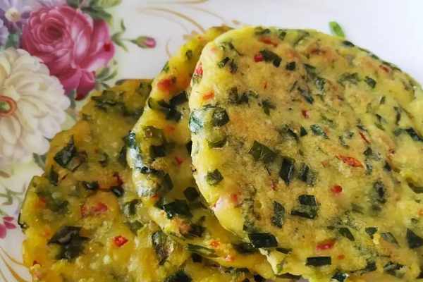 2、加上點兒青椒、青菜、小蔥,放點兒鹽和雞精,然後揉成一個個小圓餅放到電餅鐺中烙熟,根據個人情況可以放油也可以不放油,做出來的餅外焦裡嫩,味道還是很好吃的,當早餐很不錯。
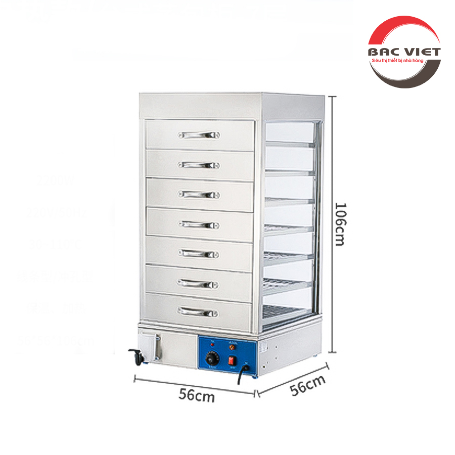 Thiết kế 7 tầng khay giúp trưng bày và giữ nóng số lượng bánh lớn, phù hợp cho quán bán hàng đông khách.
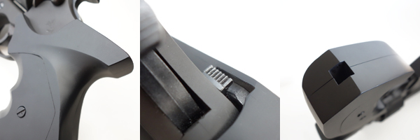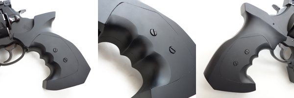 競技射撃用グリップにも似たスタイルで、完全右手用形状。

> YOUR INSTRUCTIONS
Copy out the whole listing word for word, except for any picture it includes.

> ANSWER SECTION
 2、加上點兒青椒、青菜、小蔥,放點兒鹽和雞精,然後揉成一個個小圓餅放到電餅鐺中烙熟,根據個人情況可以放油也可以不放油,做出來的餅外焦裡嫩,味道還是很好吃的,當早餐很不錯。
 Thiết kế 7 tầng khay giúp trưng bày và giữ nóng số lượng bánh lớn, phù hợp cho quán bán hàng đông khách.
 競技射撃用グリップにも似たスタイルで、完全右手用形状。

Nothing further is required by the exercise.